The method according to claim 1,
A sound signal blocking unit for dividing an input sound source signal into a predetermined time interval and outputting the signal to the noise removing unit;
The sound source separation device comprising:

delete

2. The FIR filter of claim 1,
A high-pass filter
Real time sound source separation device.

The apparatus of claim 1,
And an FIR filter for filtering the speech signal by applying the impulse response in a reverse direction with respect to time
Real time sound source separation device.

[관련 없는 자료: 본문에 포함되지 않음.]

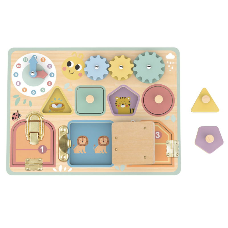 prezentuje fantastyczną tablicę edukacyjną, która przenosi dzieci w magiczny świat odkrywania tajemnic zamków i zapięć. Wykonana z solidnej drewnianej płyty, tablica skrywa trzy różnorodne zamki ukrywające urocze obrazki zwierząt, inspirujące wyobraźnię maluchów. Wzbogacona interaktywnymi kołami zębatymi, umożliwiającymi rozwijanie zdolności motorycznych i percepcji światła i cienia. Dodatkowo zawiera układankę z pinezkami o różnych kształtach i kolorach, zachęcającą do logicznego myślenia i eksploracji. Tablica wyposażona jest także w uroczy zegar z ruchomymi wskazówkami, umożliwiając naukę godzin i rozwijanie umiejętności obserwacji czasu. Zabawka przeznaczona jest dla dzieci od 3 roku życia, wykonana z drewna i pomalowana bezpiecznymi farbami. To kompleksowe rozwiązanie edukacyjne, które wspiera rozwój małej motoryki, zdolności manualnych, koordynacji, kreatywności i wyobraźni u najmłodszych.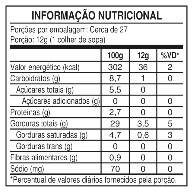 Água, óleo de milho, soro de leite em pó, vinagre, leite em pó integral, amido de batata modificado, cloreto de potássio, extrato de levedura, alho desidratado, salsa desidratada, realçador de sabor ácido glutâmico, aromas naturais, espessante goma xantana, conservador sorbato de potássio e acidulante ácido lático.

6. The apparatus of claim 5, wherein the FIR filter included in the phase compensator comprises:
The filter coefficient having the same filter coefficient as the FIR filter included in the noise removing unit
Real time sound source separation device.

7. The apparatus of claim 6, wherein the coefficient of the FIR filter included in the phase-
And estimating a speech signal based on the speech signal received from the noise removing unit
Real time sound source separation device.